University changes must not increase the tertiary education divide

25 November 2014

In the push to have the tertiary education sector changes pass the Senate, it is vital that the particular interests of rural students and regional universities are not put at risk.

Students from rural and remote areas are already disadvantaged when it comes to access to tertiary education. Only 12 per cent of tertiary education is provided in rural and regional areas, and over half of the rural and remote students undertaking tertiary study have to live away from home. So, despite their lower incomes on average, many rural families have to pay some $25,000 a year extra for a child to relocate to attend university.

Regional universities provide access to tertiary education relatively close at hand for people living in rural and remote areas. They have a higher proportion of students from low-income families and assuming that 'market-driven rates' for courses are higher than those currently being charged, it will be those families who are most affected.

Where places in the metropolitan universities are concerned, rural families will have to cope with both the higher fees and the cost of establishing a second home in the city.

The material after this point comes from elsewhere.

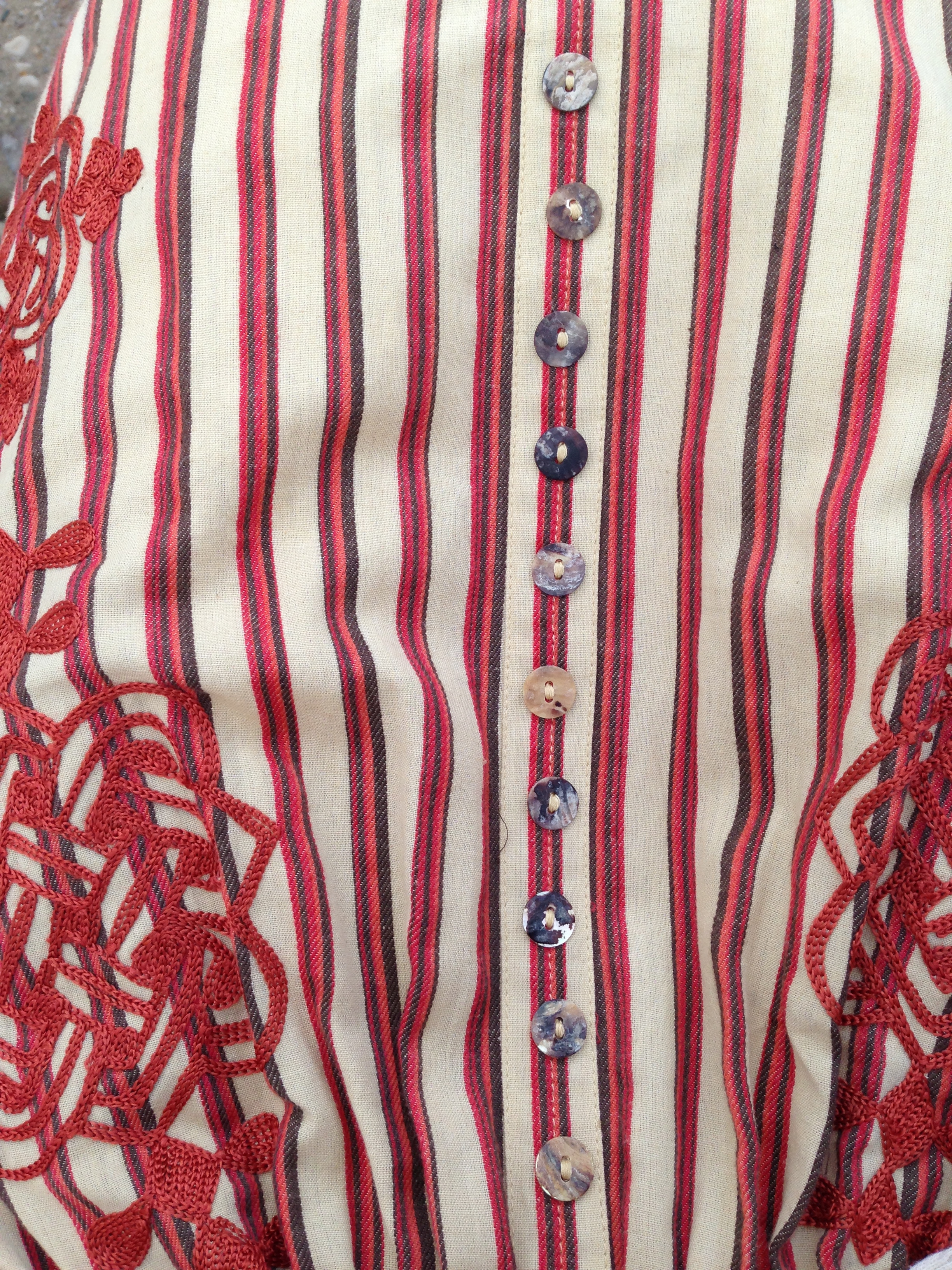To brighten things up, my friend and I ended up wearing the same bright cadmium red. I wore my “pirate wench” dress.
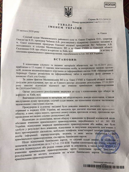 15 октября 2019, то есть за неделю, кто-то взламывает сети Одесского аэропорта и «размещает на информационном табло в аэропорту фото девушки с надписью» Fuck you Gretta «.

The NRHA rejects the notion that rural universities can find their ‘market niche’ in providing sub-professional programs. This would mean that professional programs would become even more city-centric.

The proposal for universities to contribute $1 out of every $5 raised through fee increases to Commonwealth Scholarships for students who are disadvantaged by location and/or socio-economic status would favour universities that can charge the highest fees rather than the universities with the largest number of disadvantaged students.

Overall, the Alliance is concerned that consideration in the Senate recognises the differential effect that the proposed measures in the Bill are likely to have on students in rural and remote areas, and the impact of the changes on the supply of health (and other) professionals to remote communities.

Failure on this will only be another setback for educational access and equity, and ultimately another barrier to national efforts to provide a fair proportion of health and other professionals to rural areas.